-- Opening Marker --
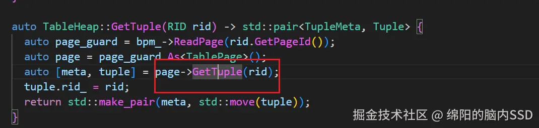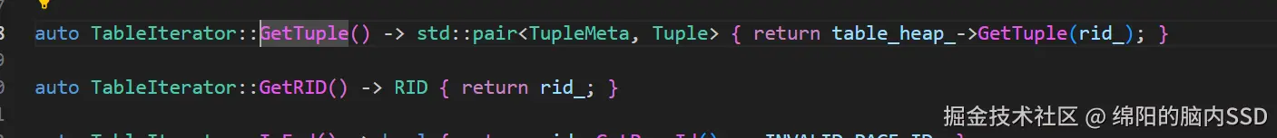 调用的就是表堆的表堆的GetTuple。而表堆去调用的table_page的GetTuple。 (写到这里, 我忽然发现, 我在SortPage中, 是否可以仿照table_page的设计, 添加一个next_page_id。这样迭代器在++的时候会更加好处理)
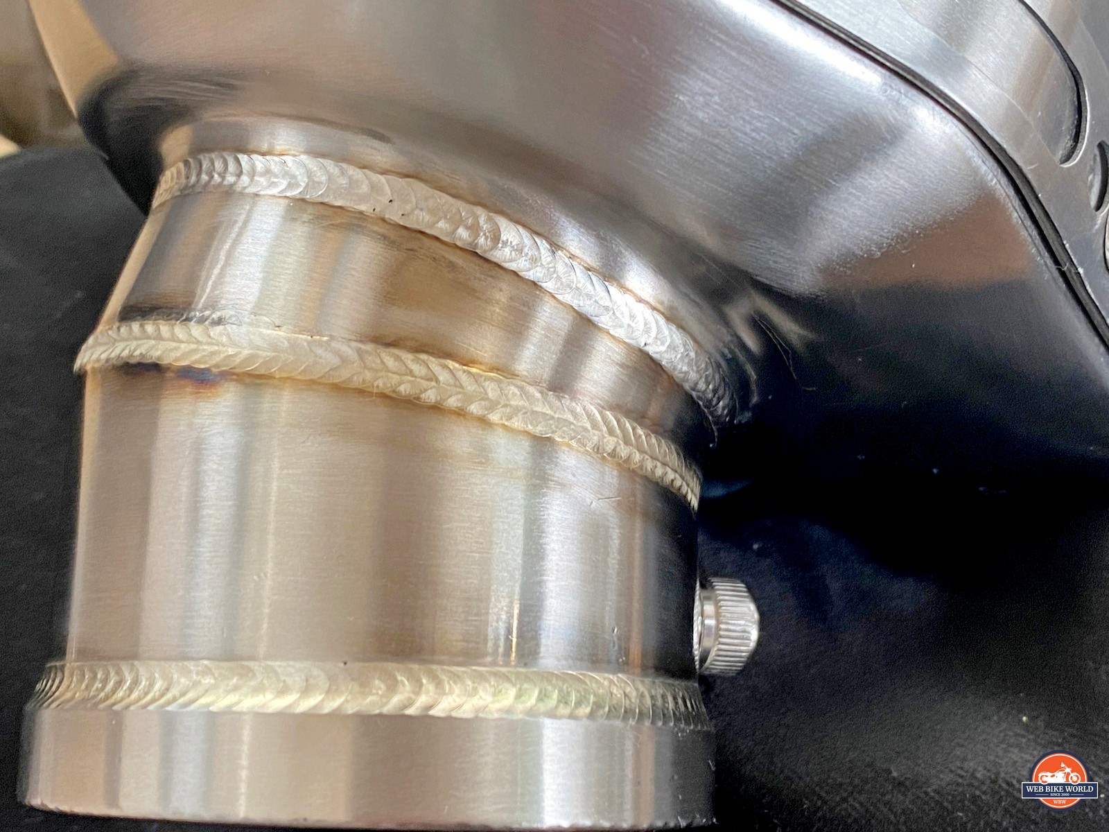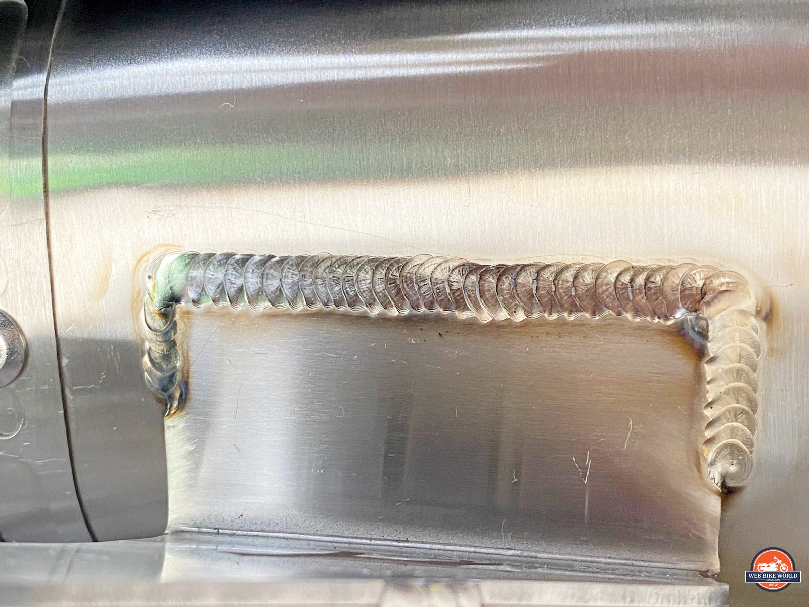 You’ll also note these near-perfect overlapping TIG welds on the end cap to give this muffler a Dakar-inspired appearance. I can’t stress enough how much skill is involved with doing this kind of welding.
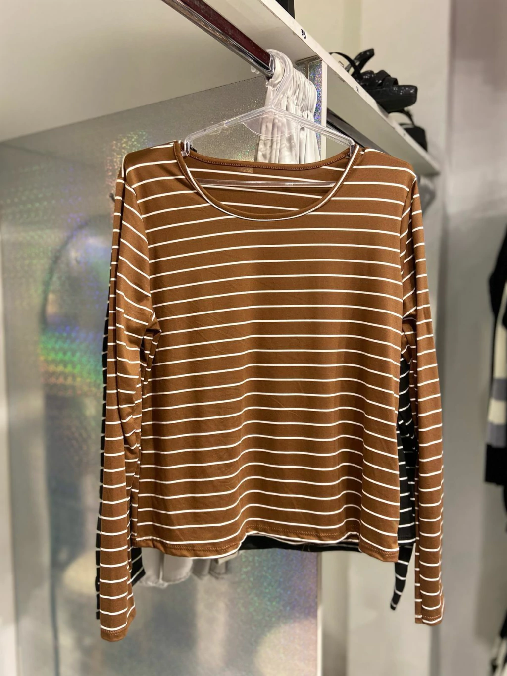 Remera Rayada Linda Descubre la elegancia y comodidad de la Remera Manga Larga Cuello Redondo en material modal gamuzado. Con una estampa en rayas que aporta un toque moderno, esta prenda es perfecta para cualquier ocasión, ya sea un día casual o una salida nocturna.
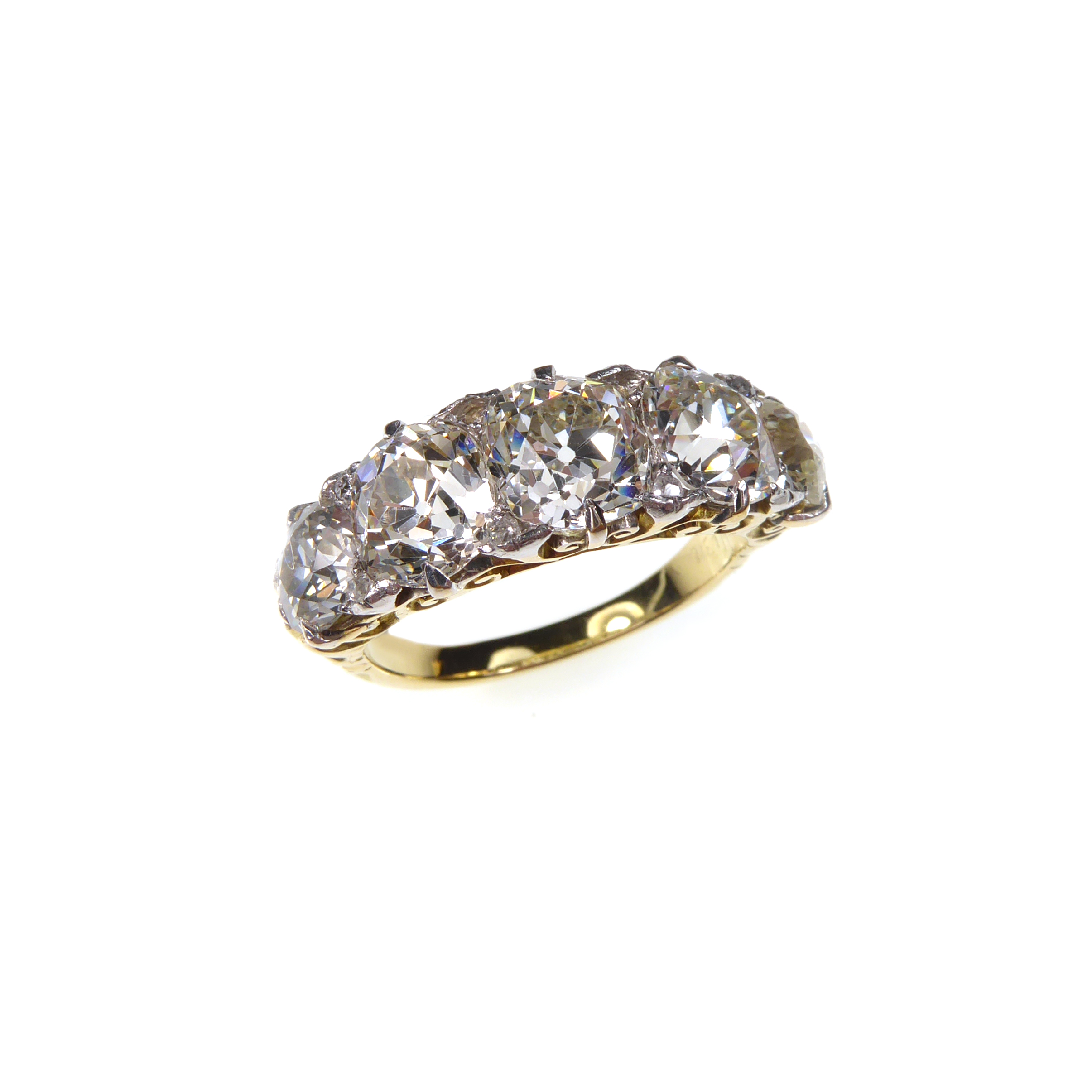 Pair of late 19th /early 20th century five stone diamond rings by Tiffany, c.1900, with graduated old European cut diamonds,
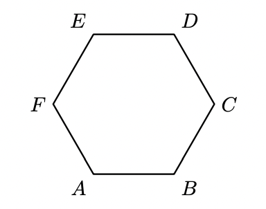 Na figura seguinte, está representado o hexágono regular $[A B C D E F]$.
-- Closing Marker --
_ACTIVITY_: Exactly as written, give every entry again, but not the pictures.

_WRITTEN RESPONSE_:
 调用的就是表堆的表堆的GetTuple。而表堆去调用的table_page的GetTuple。 (写到这里, 我忽然发现, 我在SortPage中, 是否可以仿照table_page的设计, 添加一个next_page_id。这样迭代器在++的时候会更加好处理)
 You’ll also note these near-perfect overlapping TIG welds on the end cap to give this muffler a Dakar-inspired appearance. I can’t stress enough how much skill is involved with doing this kind of welding.
 Remera Rayada Linda Descubre la elegancia y comodidad de la Remera Manga Larga Cuello Redondo en material modal gamuzado. Con una estampa en rayas que aporta un toque moderno, esta prenda es perfecta para cualquier ocasión, ya sea un día casual o una salida nocturna.
 Pair of late 19th /early 20th century five stone diamond rings by Tiffany, c.1900, with graduated old European cut diamonds,
 Na figura seguinte, está representado o hexágono regular $[A B C D E F]$.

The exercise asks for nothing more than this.